Are you able to see the target skipping to the last round in the power trace? That’s a much better way to determine if you’re getting the correct glitch.

No, unfortunately the power traces all essentially look the same, in another thread I saw how a glitched power trace looks like and also at what range it would be supposed to occur, unfortunately here it still doesn’t look like this even with these settings. It just looks like the regular power trace (c64’s one)

In that case, I’d recommend probably expanding your ext_offset search a bit, as different compiler versions can move the spot around quite a bit. For reference, I’m pretty sure when I originally
wrote up the tutorial, the correct glitch spot was much earlier (around 170)

Alex

For glitch_loc 165 the trace looks like this:

.

And this is what key_guess contains


(had to make 2 replies because I couldn’t put two images in one reply)

Is this supposed to happen? Because it seems like an incomplete glitch to me since not the whole key is guessed. I found this with ext_offset 31

For which width and offset values did you get this result? I’ve been using width 3 and offset -12 so far. I’m using the ChipWhisperer lite with the ARM target by the way.

Also, my ext_offset is usually the same as the glitch_loc by default, but for ext_offset = 31 I tend to get very consistent power traces like the one I just sent. When looking for other ext_offset values they’re usually the same power trace up until around 100, after which the trace is the same as normal AES execution.
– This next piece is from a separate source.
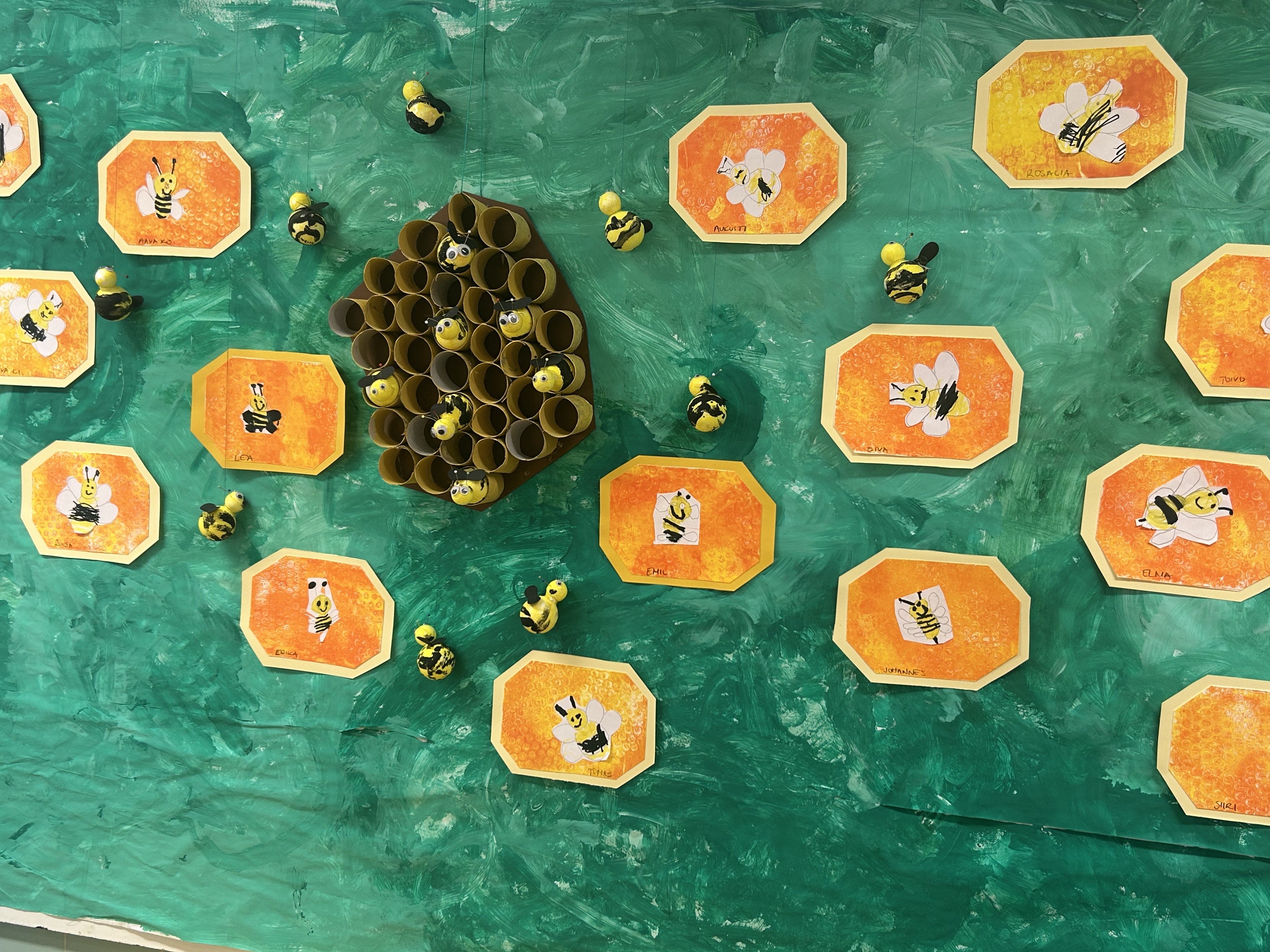 Gellilevy-askartelut ja styroksi ampiaiset saimme myös viimeisteltyä. Isommat piirsivät itse ampiaiset ja pienemmät saivat värittää ja leikata kuvat kennoihin. Nämäkin ovat näytillä keittiön seinällä…
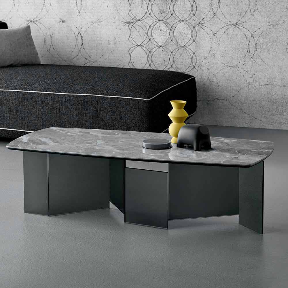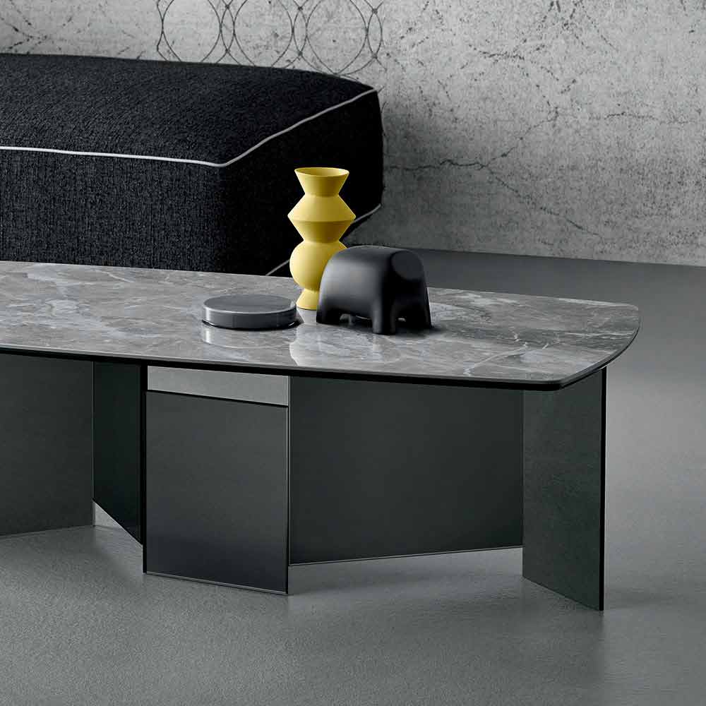 Niedriger Tisch mit Keramikplatte und Rauchglasbeinen in 3 Größen made in Italy.

It’s still not working for me, I do get a lot of glitches that give power traces which look a lot like the one I posted if I have ext_offset 31, but key_guess remains empty… I don’t really know how to further approach this problem and if the problem lies in the location, ext_offset, or both. Initially ext_offset is set to be the same value as the glitch_loc, am I supposed to look around this range or starting from 0? I seem to get very consistent glitches when I set ext_offset to 31 anyways, but the result is always the same.

I do recall that one being pretty tricky to glitch. If you’re not able to get it, I’d recommend just skipping ahead to 1_3, as that one is much easier on the glitching end and a more realistic attack, but is more complicated on the theory end.

Alex

Around what location would you advise looking with this one? I would still really like to complete it. And what other settings would you advise tweaking (e.g width or offset)?

Last time I did the lab, I got it to work with the settings from that other thread you linked.

I’d say tweak width/offset (maybe grab some other locations that worked well for fault101/lab 1). That 30 ext_offset sounds too early to be the right spot.